One of Turney’s men proved a trader, if he did not come in as a spy, which is quite as probable. On the evening of the 11th, Col. Butler examined the deserter in the presence of Capt. Franklin. The fellow said there were 600 British troops at Niagara, and 2000 Indians. If he did not mean to exaggerate, to prevent Niagara being attacked, he must in both estimates have included women and children. He also stated that in October the Ontario, a new 20 gun ship, was lost in a gale of wind, and 350 men, of the 34th British Regiment, perished in her.

In several previous letters I have spoken of the vast numbers of the delicious shad that every spring ascended the Susquehanna, attaining, from change of food and the salt sea for the fresh river water their highest excellence. The picture of old times would be incomplete, were we to omit noting the immense quantity of eels taken in the fall of the year, descending the river.

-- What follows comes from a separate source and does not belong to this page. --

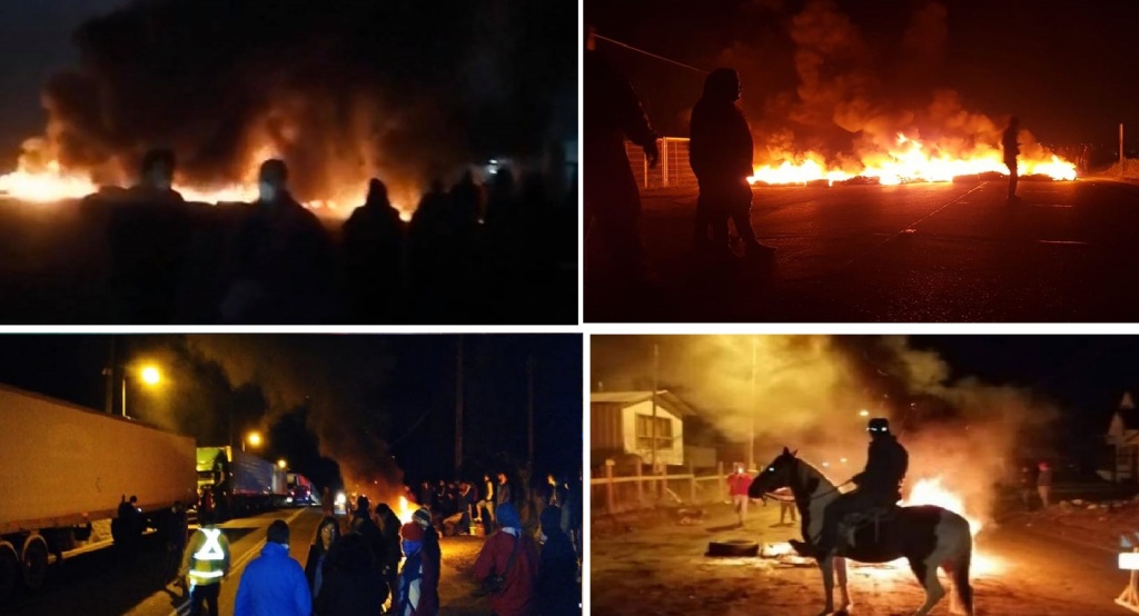 El martes 24 de marzo se realizaron acciones de protesta con bloqueos, cortes de ruta y barricadas en diversos puntos de Chiloé como respuesta a la violencia ejercida por fuerzas represivas estatales quienes quebrantaron la aduana sanitaria para abrir ´por la fuerza el flujo de camiones de la industria salmonera y de mitilicultura provenientes del

A wear was set up in the stream, at MonockasyI Island; the returns from which, for the last September and the beginning of October, 1780, are before me. It would seem, a part of the time, the wear was visited but once in three days.
Friday, September 15 They took 90 18 They took 178
21 640 24 1,888
29 2,800 30 1,200
October 1 1,900 2 1,400
3 2,100 4 1,000
5 500 6 250
7 396 8 160
  8,426   6,076

making up words of 14,000.

Thus the year 1780 passed in constant alarm, scouting and watchfulness. Several valuable lives had been lost. Many estimable citizens had been torn from their families and homes, and taken into captivity. Still hope, which "springs eternal in the human breast," was buoyant. Courage stimulated the settlers to action. Fortitude nerved their hearts to endure. Treacherous despair was allowed no lodgment in a single bosom. Matters must mend; it was impossible they could be worse. Congress would not be insensible to their merits and sufferings. Connecticut, their parent State, who had planted them in the wilderness for noble objects, would not, could not be unmindful how much Westmoreland had done! How many men had been furnished to her line of the Army! How much in taxes for treasury had, in time of pressing needs, drawn from the exhausted people of Wyoming. Cheered and sustained by such reflections, especially after the noble resolve of the last assembly, looking to indemnification, the year 1780 closed it sad and eventful term.